Прямо в теле роя начали формироваться, расти и пожирать носителя десятки мелких, примитивных некроголемов. Гноящиеся опухоли, которые обрели собственные челюсти и волю. Они были повсюду. Как паразиты, они пожирали и выжигали враждебную биомассу изнутри, наращивая свои тела. Область за областью туша роя внезапно чернела и превращалась в некротическую опухоль, послушную воле Флюга, после чего набрасывалась на здоровую часть.
Рой впервые взвыл. Глухим, булькающим звуком, полным боли, недоумения и злобы. Он пытался исторгнуть из себя паразитов, его тело билось о камни, когти и челюсти на щупальцах рвали собственную тушу, но было поздно. Один за другим порождения Флюгегехаймена добирались до сердечных узлов роя, умерщвляли их и делали частью своего тела.
Вероятно, глядя на всё это, обладавшие какими-то зачатками разума виверны не решались на продолжение безрассудной бомбардировки. Но это их и сгубило.
Основное тело Флюгегехаймена, освобождаясь от быстро слабеющей хватки агонизирующего роя, поднялось на дыбы, подобно кошмарной гусенице. Черепа ящеров в туше саллеха, больше не отвлекаясь на наземную угрозу, одновременно дали залп. Тонкие, как иглы, зелёные лучи смерти ударили по зависшим в воздухе вивернам.
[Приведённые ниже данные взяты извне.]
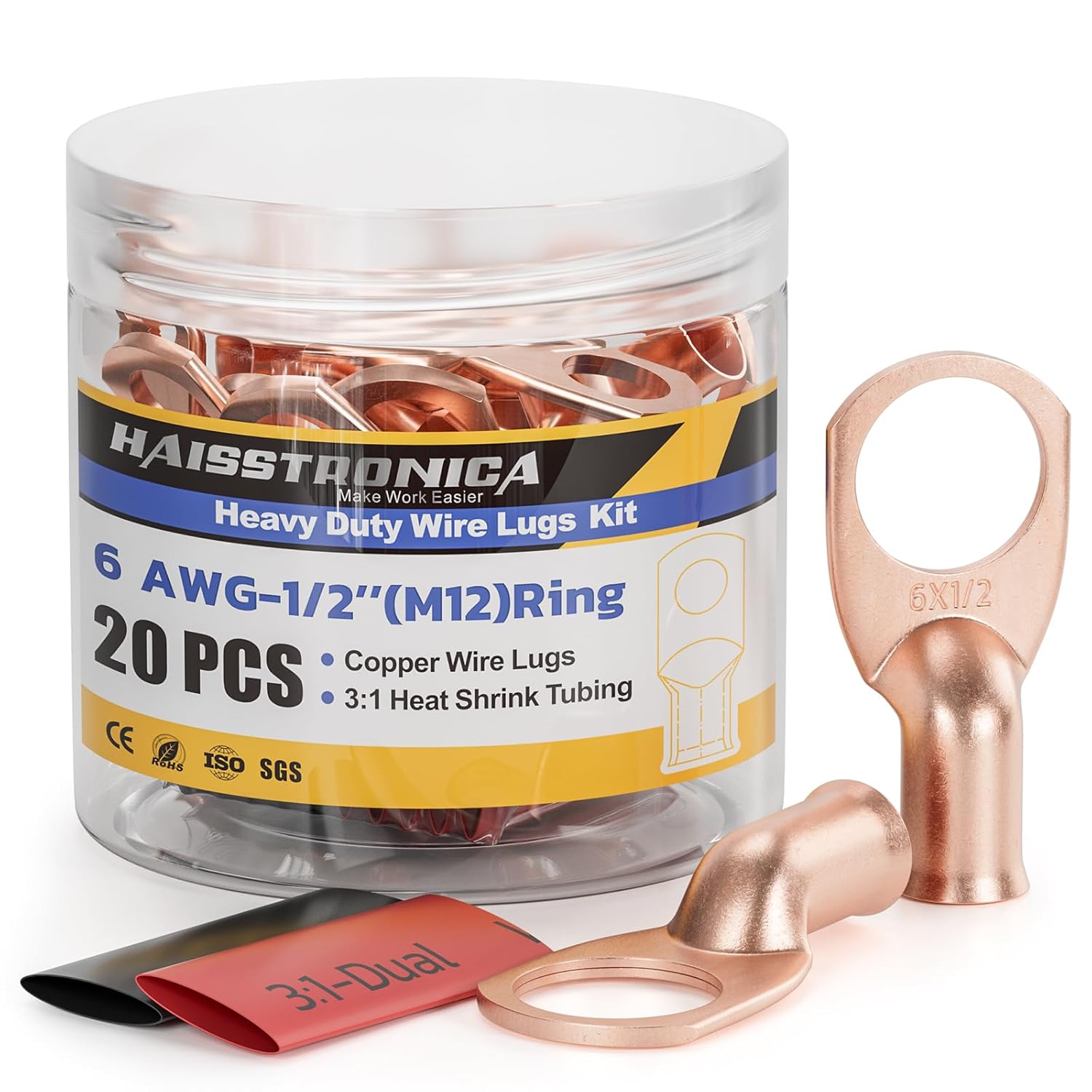 - Copper Lugs and Heat Shrink Tubing Kit: 10 PCS 6 gauge (AWG) - 1/2" (M12)ring terminals copper wire lugs and 10 PCS 3:1 Dual Wall Adhesive Heat Shrink Tubing(5 black and 5 red), and comes with a sturdy clear plastic jar that make battery cable ends easy storage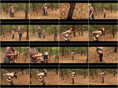 To tell you the truth, who knows what the story is behind this clip. AJ is wearing a black bra and panties with garter belt and black striped stockings. Her black mary jane’s keep picking up leaves as they stick to her heels. She is wearing a breast harness, anchored over her shoulders and her wrists are already tied when the clip begins.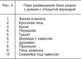 На рисунке 3 представлен план установки бани неподалеку от садового или дачного домика, в котором оборудована веранда с навесом.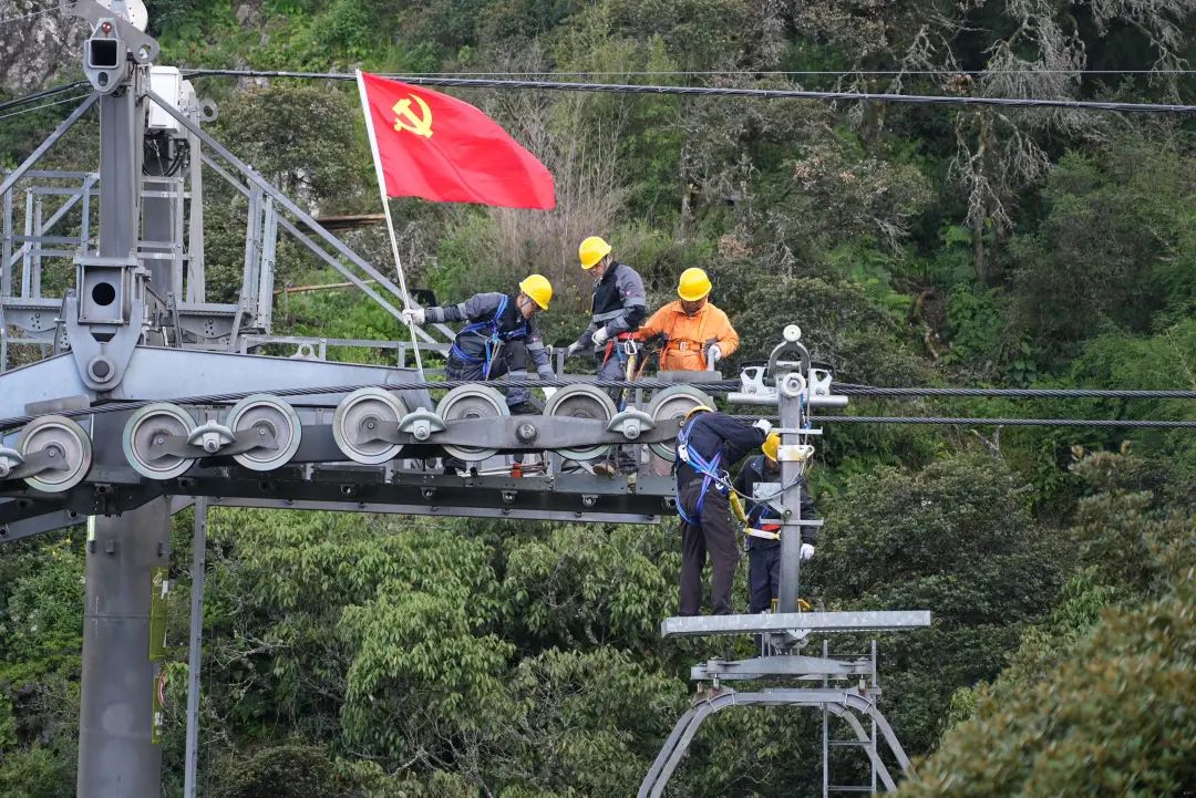 一面鮮紅的黨旗迎風飄揚在大理州企業家協會副會長單位——大理旅游集團下屬的賓川雞足山索道34米高的支架上,旁邊五六個檢修師傅正在認真細心地進行著索道更換支架輪襯及潤滑保養工作……

Не беспорядочно и хаотично, как прежде, а точно и выверенно, пронзая грудные клетки кристальных терзателей.
Флюг бил явно в какую-то уязвимую точку. Подбитые терзатели сразу же лишались своего энергетического сияния и, рассыпаясь на беспомощные призмы, падали вниз, где сразу становились частью тел Флюга и его войска.
Чаша весов в этой бойне теперь была на стороне моего некроголема. Почти пожравшие остатки сопротивлявшейся биомассы, репликанты саллеха тоже начали атаковать виверн. Кто лучами, если в его туше завалялся подходящий череп, а кто просто тентаклями из новой, преобразованной плоти. Маленькие Флюги были ещё более тупыми и прямолинейными, чем их здоровенный «родитель», но зато их было много и всё, что шевелится, они ненавидели ничуть не хуже.
Флюгегехаймен, тем временем, превратился в настоящую зенитную установку. Он больше не пытался стрелять костями. Некроголем всосал в себя горы осколков от павших терзателей и теперь вел обстрел смертоносной призматической шрапнелью, которая рвала энергетические крылья заметавшихся в панике врагов в клочья, на время лишая мобильности и подставляя под хватку щупалец и залпы лучей.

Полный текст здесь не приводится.